> _INSTRUCTIONS FOR THE TASK_:
Dropping every picture, set down exactly the lines in the entries below, starting with the line with "Im Lieferumfang enthalten: Stellen" and going on through the line with "重庆市垫江县裴兴镇人民政府2020年度部门决算情况说明".

> _PROVIDED RECORDS_:
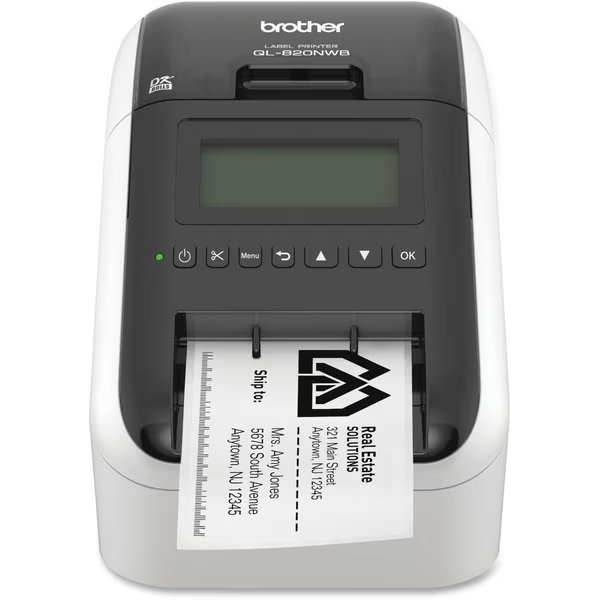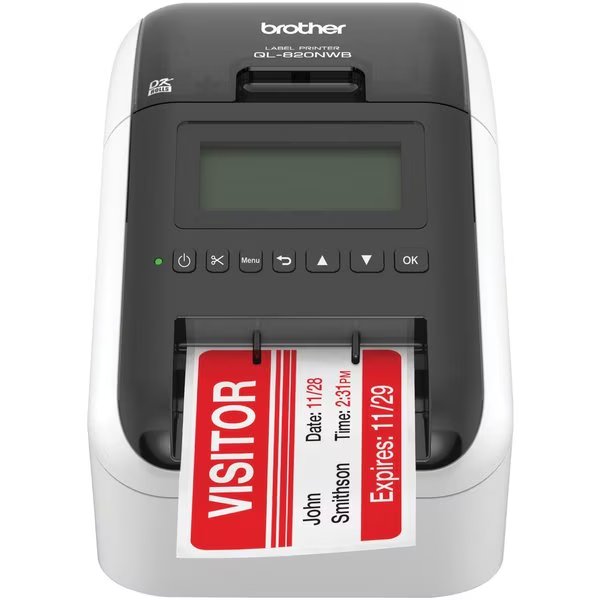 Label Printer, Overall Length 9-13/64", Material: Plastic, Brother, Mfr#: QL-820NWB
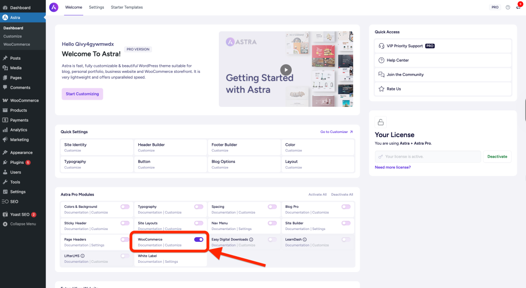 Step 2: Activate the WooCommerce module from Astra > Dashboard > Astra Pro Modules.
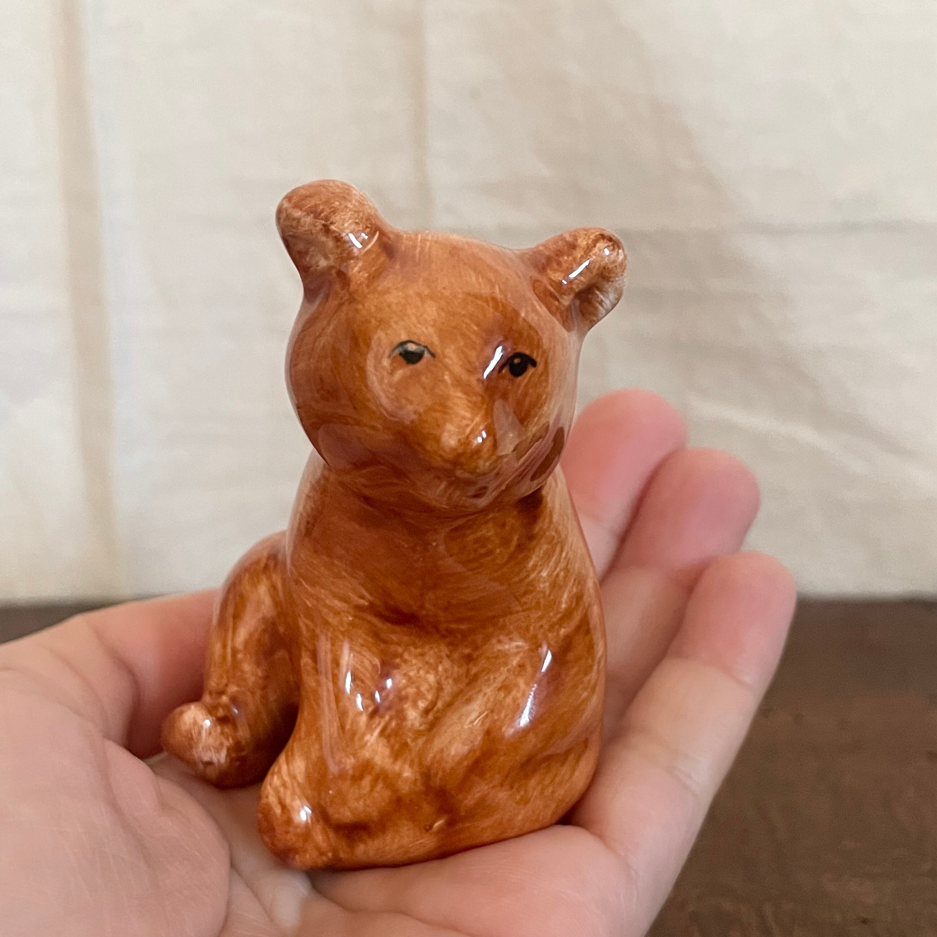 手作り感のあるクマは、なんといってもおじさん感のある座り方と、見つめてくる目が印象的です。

* * *

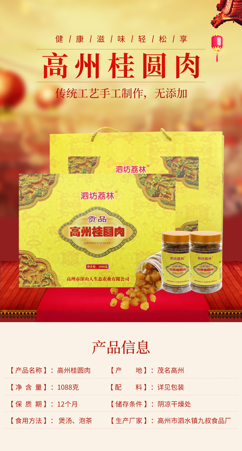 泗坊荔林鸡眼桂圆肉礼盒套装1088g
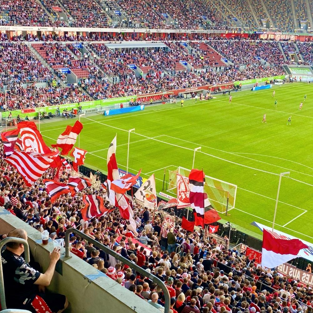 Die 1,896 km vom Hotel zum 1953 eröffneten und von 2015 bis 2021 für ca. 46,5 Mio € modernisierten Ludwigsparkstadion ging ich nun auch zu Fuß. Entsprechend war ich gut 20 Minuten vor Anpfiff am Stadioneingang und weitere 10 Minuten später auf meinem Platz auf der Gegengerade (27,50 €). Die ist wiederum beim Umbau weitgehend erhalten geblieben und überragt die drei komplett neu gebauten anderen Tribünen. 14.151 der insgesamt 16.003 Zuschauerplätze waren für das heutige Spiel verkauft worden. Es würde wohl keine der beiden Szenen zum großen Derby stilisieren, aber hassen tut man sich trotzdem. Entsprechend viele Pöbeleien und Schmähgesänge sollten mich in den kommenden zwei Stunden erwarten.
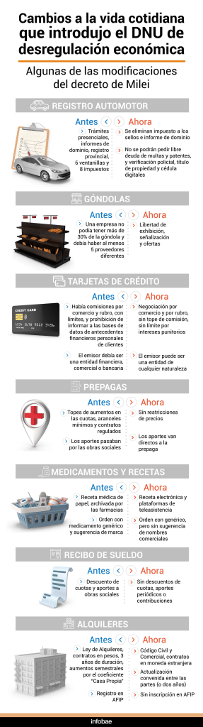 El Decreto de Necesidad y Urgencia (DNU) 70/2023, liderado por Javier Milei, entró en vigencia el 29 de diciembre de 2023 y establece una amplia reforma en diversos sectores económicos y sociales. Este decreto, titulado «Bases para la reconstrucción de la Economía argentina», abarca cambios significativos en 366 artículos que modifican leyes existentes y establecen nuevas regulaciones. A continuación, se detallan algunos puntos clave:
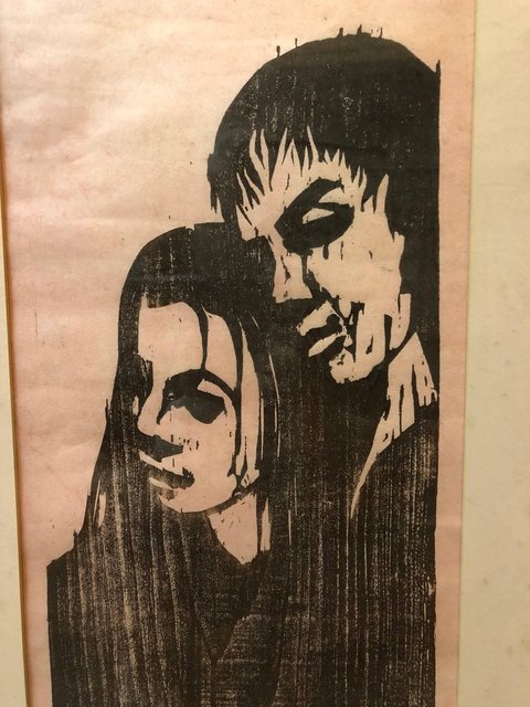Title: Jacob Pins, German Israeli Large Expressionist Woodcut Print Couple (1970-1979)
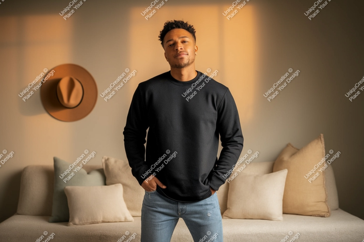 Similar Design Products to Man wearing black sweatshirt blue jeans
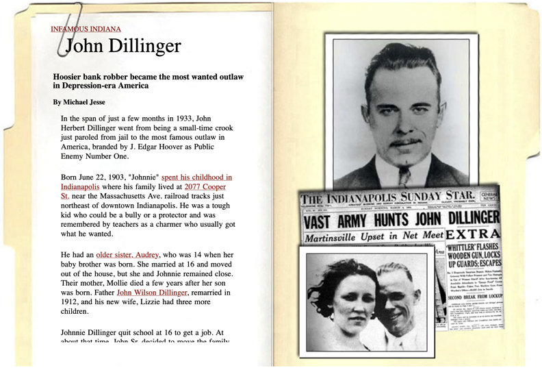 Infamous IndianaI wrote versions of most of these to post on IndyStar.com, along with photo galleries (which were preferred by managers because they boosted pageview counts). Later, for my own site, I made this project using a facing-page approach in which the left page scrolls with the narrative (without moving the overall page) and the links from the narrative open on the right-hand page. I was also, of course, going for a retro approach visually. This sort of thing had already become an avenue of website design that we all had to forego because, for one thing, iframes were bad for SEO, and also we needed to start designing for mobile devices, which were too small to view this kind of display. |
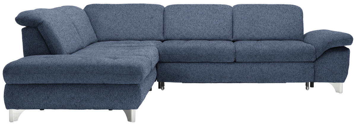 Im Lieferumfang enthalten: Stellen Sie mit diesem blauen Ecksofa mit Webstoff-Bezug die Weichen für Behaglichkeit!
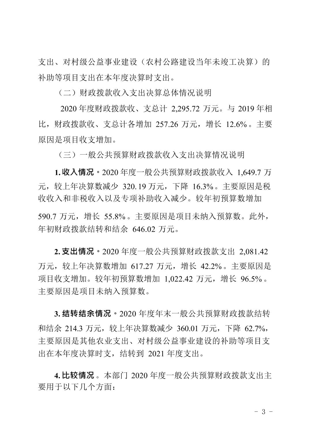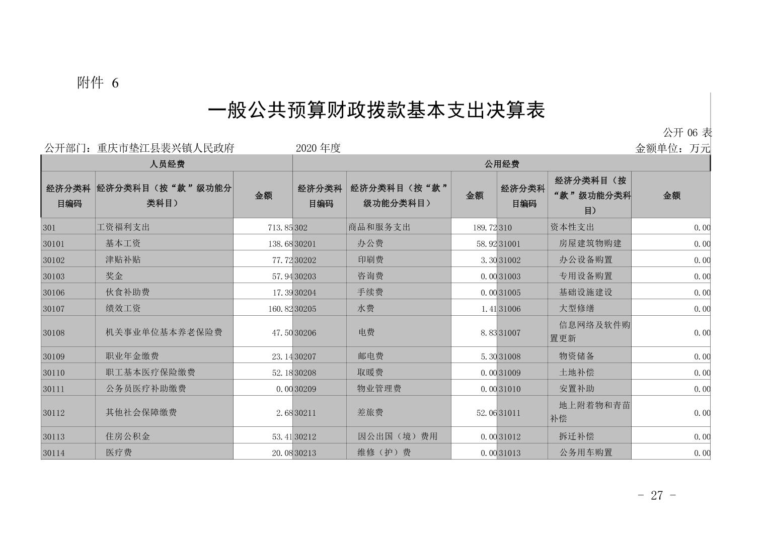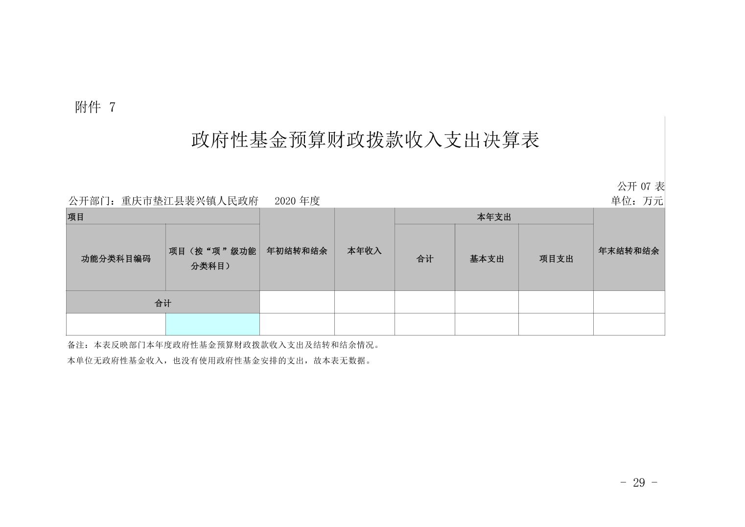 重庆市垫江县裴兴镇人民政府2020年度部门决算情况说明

---

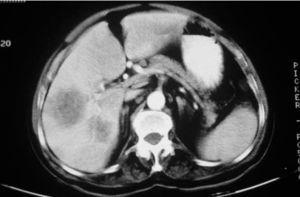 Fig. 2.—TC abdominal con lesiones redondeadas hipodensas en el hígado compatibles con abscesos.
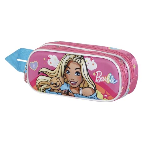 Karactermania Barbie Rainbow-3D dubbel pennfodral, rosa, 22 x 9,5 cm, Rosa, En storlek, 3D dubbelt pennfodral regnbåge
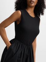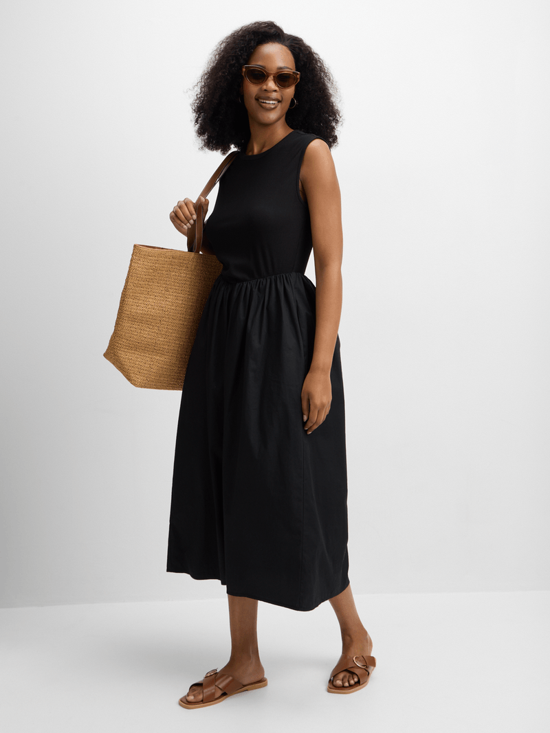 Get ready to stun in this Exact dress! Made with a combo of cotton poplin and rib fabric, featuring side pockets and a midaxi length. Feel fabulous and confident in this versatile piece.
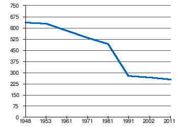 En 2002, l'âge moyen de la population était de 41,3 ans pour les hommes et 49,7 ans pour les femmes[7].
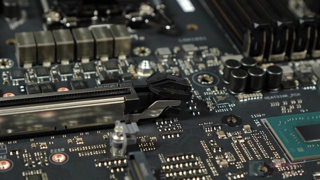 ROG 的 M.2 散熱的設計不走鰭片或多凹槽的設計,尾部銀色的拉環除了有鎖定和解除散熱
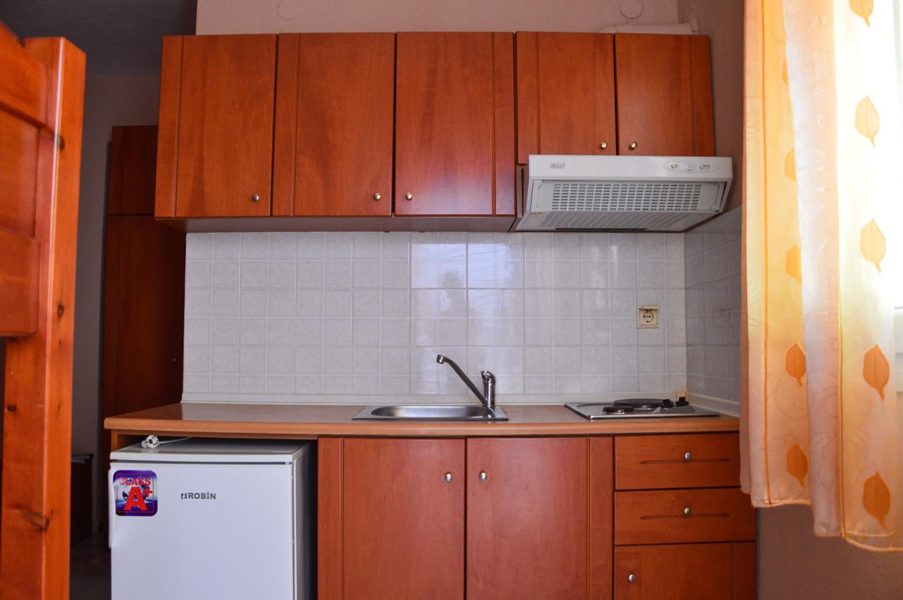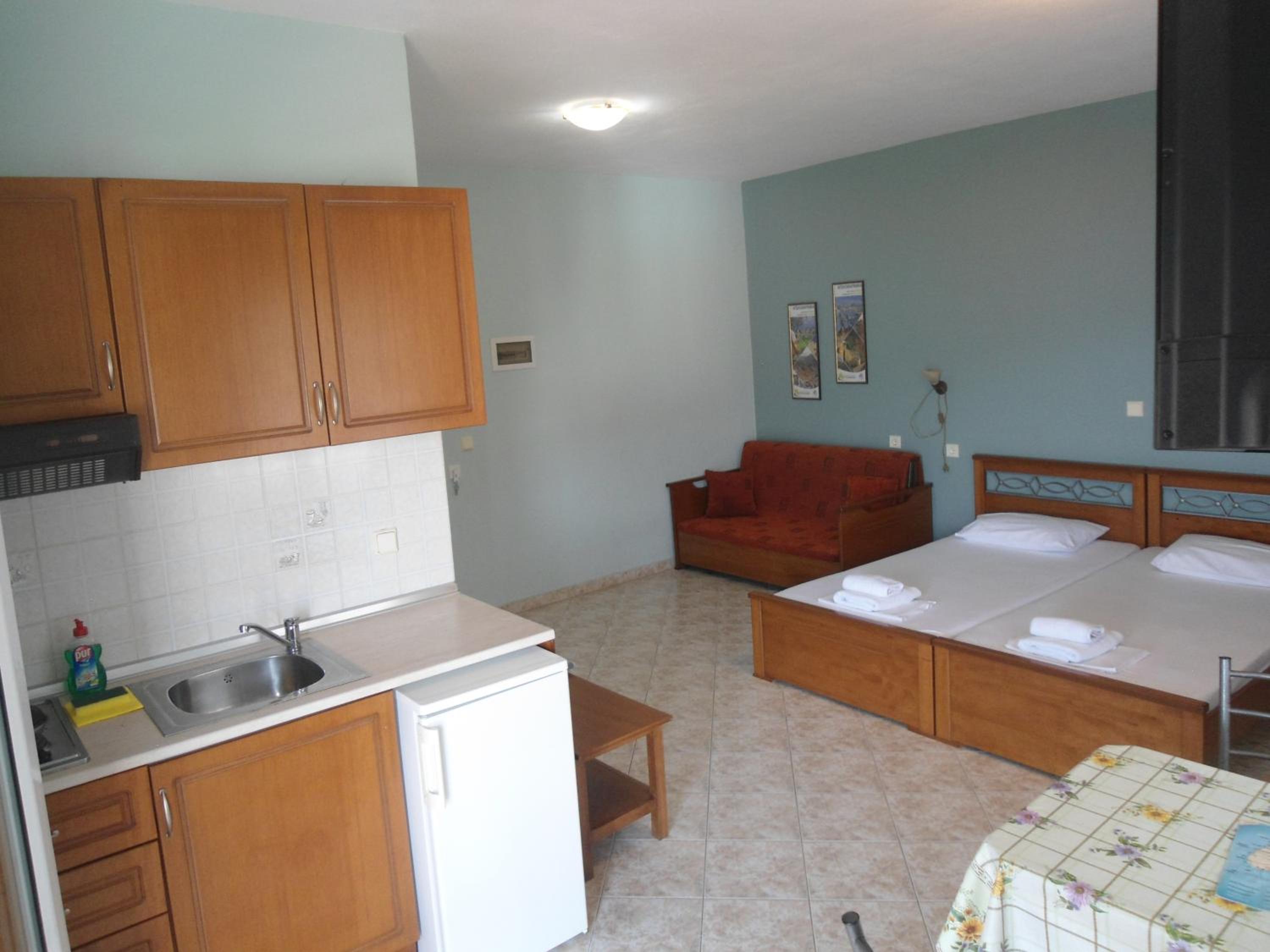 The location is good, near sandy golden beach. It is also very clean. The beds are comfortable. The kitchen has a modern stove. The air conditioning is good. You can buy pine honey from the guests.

> _TASK RESPONSE_:
 Im Lieferumfang enthalten: Stellen Sie mit diesem blauen Ecksofa mit Webstoff-Bezug die Weichen für Behaglichkeit!
 重庆市垫江县裴兴镇人民政府2020年度部门决算情况说明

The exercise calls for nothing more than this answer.